The academic context

Elizabeth Barry, Ulrika Maude and Laura Salisbury, scholars of Beckett and medicine, collaborated with performance practitioner Jonathan Heron and consultant psychiatrist Matthew Broome to investigate Beckett's interests in the sciences of the brain, the influence of these interests on his work and the value of his writing to those studying and treating disorders of the brain and nervous system today. Heron's transdisciplinary workshops, involving scholars and practitioners in the arts and sciences, gave shape to the intuition of many clinicians that literature and theatre offer a means to understand challenging mental conditions. Through this work, Beckett's depiction of disordered experience offered a stimulating challenge to the categories and narratives used in medicine. These topics, approached in part through experiential learning in performance devised by Jonathan Heron, prompted Zoe Playdon (the then HEKSS Head of Education) to commission Heron to run educational workshops with NHS clinicians.

The clinical context

HEKSS had recognised that the region's elderly population was high, that elderly medicine was therefore a priority and that intellectual impairment was a particular issue in this demographic. Clinical encounters with intellectually impaired patients can be challenging because the patient narrative, which lies at the heart of the consultation, may be fragmented, incomplete and unconventionally structured.

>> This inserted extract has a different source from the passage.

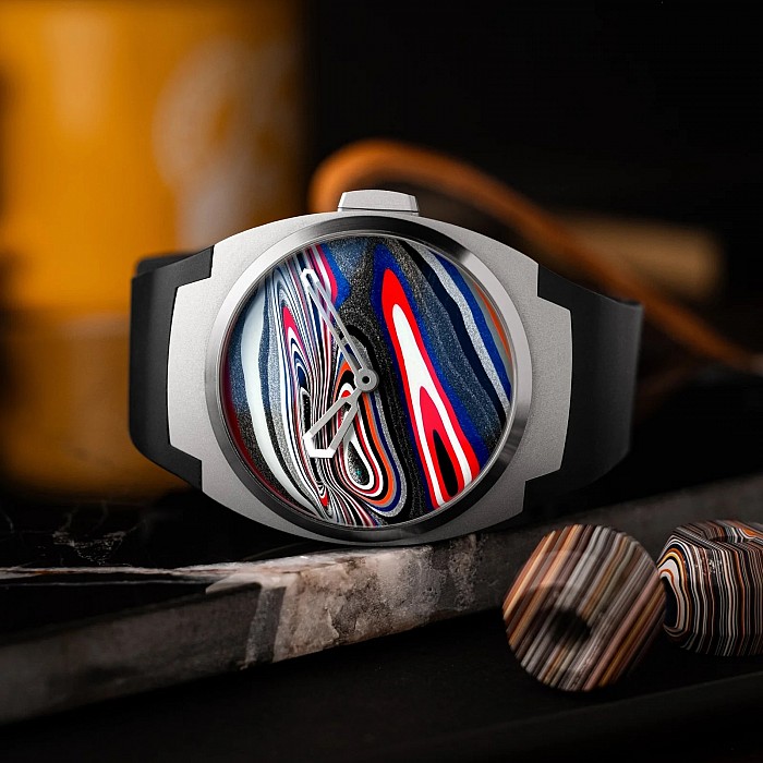 Arcanaut nabízí tři typy ciferníků z forditu. U tohoto modelu vidíte variantu „Groovy“, která odhaluje jedinečné barevné vzory vzniklé průřezem vrstvami laku.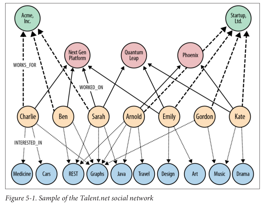 CREATE // User (uc:User {name : 'Charlie'}), (ub:User {name : 'Ben'}), (us:User {name : 'Sarah'}), (ua:User {name : 'Arnold'}), (ue:User {name : 'Emily'}), (ug:User {name : 'Gordon'}), (uk:User {name : 'Kate'}), // Company (ca:Company {name : 'Acme, Inc.'}), (cs:Company {name : 'Startup, Ltd.'}), // Interest (im:Interest {name : 'Medicine'}), (ic:Interest {name : 'Cars'}), (ir:Interest {name : 'REST'}), (ig:Interest {name : 'Graphs'}), (ij:Interest {name : 'Java'}), (it:Interest {name : 'Travel'}), (id:Interest {name : 'Design'}), (ia:Interest {name : 'Art'}), (im1:Interest {name : 'Music'}), (id1:Interest {name : 'Drama'}), // Project (pn:Project {name : 'Next Gen Platform'}), (pq:Project {name : 'Quantum Leap'}), (pp:Project {name : 'Phoenix'}), // WORKS_FOR (uc)-[:WORKS_FOR]->(ca), (ub)-[:WORKS_FOR]->(ca), (us)-[:WORKS_FOR]->(ca), (ua)-[:WORKS_FOR]->(cs), (ue)-[:WORKS_FOR]->(cs), (ug)-[:WORKS_FOR]->(cs), (uk)-[:WORKS_FOR]->(cs), // WORKED_ON (uc)-[:WORKED_ON]->(pn), (ub)-[:WORKED_ON]->(pn), (us)-[:WORKED_ON]->(pn), (us)-[:WORKED_ON]->(pq), (ua)-[:WORKED_ON]->(pp), (ue)-[:WORKED_ON]->(pn), (ue)-[:WORKED_ON]->(pq), (uk)-[:WORKED_ON]->(pq), (uk)-[:WORKED_ON]->(pp), // INTERESTED_IN (uc)-[:INTERESTED_IN]->(im), (uc)-[:INTERESTED_IN]->(ic), (uc)-[:INTERESTED_IN]->(ig), (ub)-[:INTERESTED_IN]->(ir), (ub)-[:INTERESTED_IN]->(ig), (us)-[:INTERESTED_IN]->(ir), (us)-[:INTERESTED_IN]->(ig), (us)-[:INTERESTED_IN]->(ij), (ua)-[:INTERESTED_IN]->(ir), (ua)-[:INTERESTED_IN]->(ig), (ua)-[:INTERESTED_IN]->(ij), (ua)-[:INTERESTED_IN]->(it), (ue)-[:INTERESTED_IN]->(id), (ue)-[:INTERESTED_IN]->(ia), (ug)-[:INTERESTED_IN]->(ig), (ug)-[:INTERESTED_IN]->(im1), (uk)-[:INTERESTED_IN]->(im1), (uk)-[:INTERESTED_IN]->(id1) ; CREATE INDEX ON :User(name); CREATE INDEX ON :Company(name); CREATE INDEX ON :Interest(name); CREATE INDEX ON :Project(name);

The roles of family and carers are particularly important in long-term care, and understanding their perspectives and challenges can be the key to improve the patient experience. Playdon felt that if clinicians could improve their ‘decoding’ of these dislocated patient narratives, and gain deeper insights into the perspectives of carers, then they might be able to deliver more effective care more quickly. This improved efficiency could have a positive impact on the financial bottom line in a range of ways—a more rapid ‘throughput’, less repeat visits, for example—and would provide a clinical encounter that is more satisfying to clinicians and more effective for their patients.

Taking place locally in NHS Trusts, the project was designed to address issues specific to local patient population and to attract no costs of travel or locum cover for its attendees. The project was instinctively interprofessional in that it used transdisciplinary methods (practical activities, problem-solving and sustainable practices) to appeal to everyone who had direct patient contact, including managers as well as clinicians. At the heart of it, too, lay the fundamental desire to extend the range and depth of ‘compassionate care’ among clinicians, managers, patients and carers, by engaging imaginatively with different possibilities for human embodiment (in the drama of Samuel Beckett).

The pedagogic practice

Elaine Hawkins (then in HEKSS) and Francesca Duncan (theatre practitioner) supported Heron in the delivery of the 3 h workshops, which took place between May and July in 2013 at Guildford, Hastings, Rochester and Chichester. Multiprofessional teams (consultant psychiatrists, nursing staff and hospital managers) engaged in practical tasks focused around the theatre of Samuel Beckett and its application to ‘compassionate care’, a particular concern of the ‘Francis Report’ (published on 6 February 2013 as the ‘Report of the Mid Staffordshire NHS Foundation Trust Public Inquiry’). Hawkins and Heron were also interested in how the workshops stimulated participants’ reflection on their professional communications and the kinds of narrative that have shaped the performance of their professional identities. This was later addressed through reflective discussion at the end of each workshop and measured through written feedback.

The workshop practice therefore had to evolve in each new environment through a reflexive and experimental approach. Duncan and Heron adapted methods from theatrical rehearsal (including games, improvisation, voice and movement work) in order to promote an inclusive and kinaesthetic learning environment for clinical staff. A significant proportion of time was spent encouraging ‘open-space learning’1 to maximise participation. Once participants in each group were willing to immerse themselves in the activities, the material from Beckett's Not I and Footfalls2 could be shared. Examples of tasks in this phase of the workshop included ‘stream-of-consciousness’ work via the role of ‘Mouth’ in Not I and a consideration of the Auditor's ‘gesture of helpless compassion’.2

Our focus on compassion promoted a lively exchange among the clinicians (and senior administrators, including a Head of Security in one case) regarding the Francis Report and its bearing on the psychiatric treatment of dementia. The project team devised activities that some participants, in this case Guildford, found challenging:

  • ‘[I was] initially perplexed and fearful. I think it did allowed a breath of discussion beyond our usual experience’.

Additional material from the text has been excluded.